Carburants : la pression des grévistes commence à faire plier Total et Exxon

Paolo Garoscio
Par Paolo Garoscio Modifié le 29 novembre 2022 à 9h22
Indemnite Carburant Octobre 2
5,7 MILLIARDS €Le bénéfice net de TotalEnergies a atteint 5,7 milliards d'euros entre avril et juin 2022.

La grève du secteur de la distribution des produits pétroliers a causé, en France, une pénurie de carburants qui augmente. Une pénurie uniquement liée au fait qu’essence et diesel ne sortent pas des dépôts, bloqués par les syndicats. Ces derniers demandent de meilleurs salaires… et leur pression commence à faire son effet.

Carburants : 30% des stations-service de France sont à sec

Si les stations-service de TotalEnergies ont été régulièrement à sec depuis début septembre 2022 du fait de la ristourne à la pompe offerte par le géant et qui a attiré, dans ses stations, de nombreux automobilistes, cette fois tous les réseaux sont concernés. Selon le ministère de la Transition écologique, qui suit les événements de près, environ 30% des stations-service en France n’auraient pas ou peu de carburants dans leurs cuves.

Résultat : pour les automobilistes, c’est une véritable lutte qui s’engage pour trouver de quoi remplir le réservoir. Les files d’attente pour faire le plein s’allongent à mesure que les stations aux cuves vides ferment les portes, espérant une livraison qui n’arrive pas.

Premiers signes d’un succès du mouvement syndical

Au centre de cette situation qui pourrait trouver rapidement une issue, le conflit entre les syndicats et les entreprises. Les premiers demandent une augmentation de salaire, surtout face aux bénéfices exceptionnels que les groupes pétroliers ont engrangé durant le premier semestre 2022 lorsque les prix du pétrole, et donc d’essence et diesel, ont battu des records. Les célèbres « super-profits » que Bruno Le Maire, ministre de l’Économie, a un temps tenté de déclarer comme inexistants avant de revoir son discours et les confirmer… sans pour autant prendre de mesures à leur sujet.

La CGT, notamment, demande une hausse des salaires de 10%, décomposée en 3% au titre du partage des richesses et de 7% au titre de l’inflation (qui a dépassé les 6% sur un an durant l’été 2022 en France). Une demande refusée par les entreprises concernées, ce qui a justifié le mouvement de grève.

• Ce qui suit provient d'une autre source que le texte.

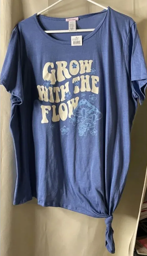Pink Peony‎ Womens Blue Mushroom Side Tie Size 2X NEW Grow With The Flow T Shirt - $20 New With Tags - From Andrea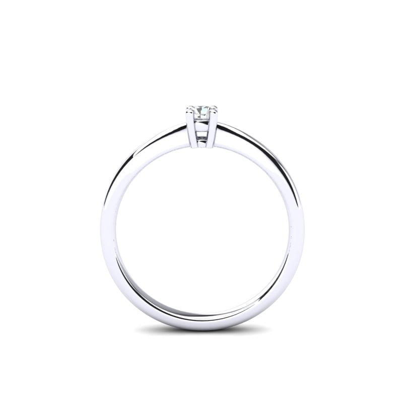Dijamant je postavljen u centar prstena, a njegov oblik je savršeni okrugli cut (round brilliant), koji je poznat po svom briljantnom sjaju. Dijamant je držan u postavci sa četiri male krapne, koje omogućavaju maksimalnu izloženost svetlosti i naglašavaju lepotu kamena.

Or, TotalEnergies et Esso-ExxonMobil ont donné des signes positifs : face à la pression populaire, la pression des syndicats et la pression politique, des négociations salariales pourraient avoir lieu bien plus tôt que prévu. Avec une demande de la part des groupes pétroliers : la fin des blocages.

TotalEnergies confirme encore une fois les bénéfices exceptionnels

Dans le détail, selon les informations fournies à la presse par les concernés, Esso-ExxonMobil prévoit une réunion avec les syndicats dès lundi 10 octobre 2022, a minima pour commencer à réfléchir à une sortie de crise et pour que soient échangées les revendications de chacun.

Quant à TotalEnergies, le groupe annonce avancer les négociations salariales d’un mois : elles auraient alors lieu dès octobre 2022 contre novembre 2022 normalement. Le groupe compte ainsi permettre aux salariés de « bénéficier, avant la fin de l’année, des résultats exceptionnels générés par TotalEnergies », confirmant une nouvelle fois ses super-profits.

Double-peine pour les frontaliers et mobilisation des réserves stratégiques

Tous les Français ne sont néanmoins pas logés à la même enseigne sur le front de la pénurie d’essence et diesel : les frontaliers en souffrent bien plus. Ils subissent en effet une sorte de « tourisme du carburant » depuis que le gouvernement a annoncé sa ristourne à la pompe de 30 centimes le litre au 1er septembre 2022. Mathématiquement, le prix d’essence et diesel est désormais bien moins élevé en France qu’en Allemagne, en Belgique ou encore en Italie… et les automobilistes de ces pays ne se privent pas d’en profiter.

Résultat : 54,8% des stations-essence des Hauts-de-France étaient à sec dimanche 9 octobre 2022, soit plus d'une sur deux, et 59% des stations dans le Pas-de-Calais. De quoi contraindre le gouvernement à réagir : les réserves stratégiques de l’Hexagone ont été mobilisées et les camions-citerne autorisés à rouler tout le week-end, exceptionnellement, afin de réapprovisionner les distributeurs.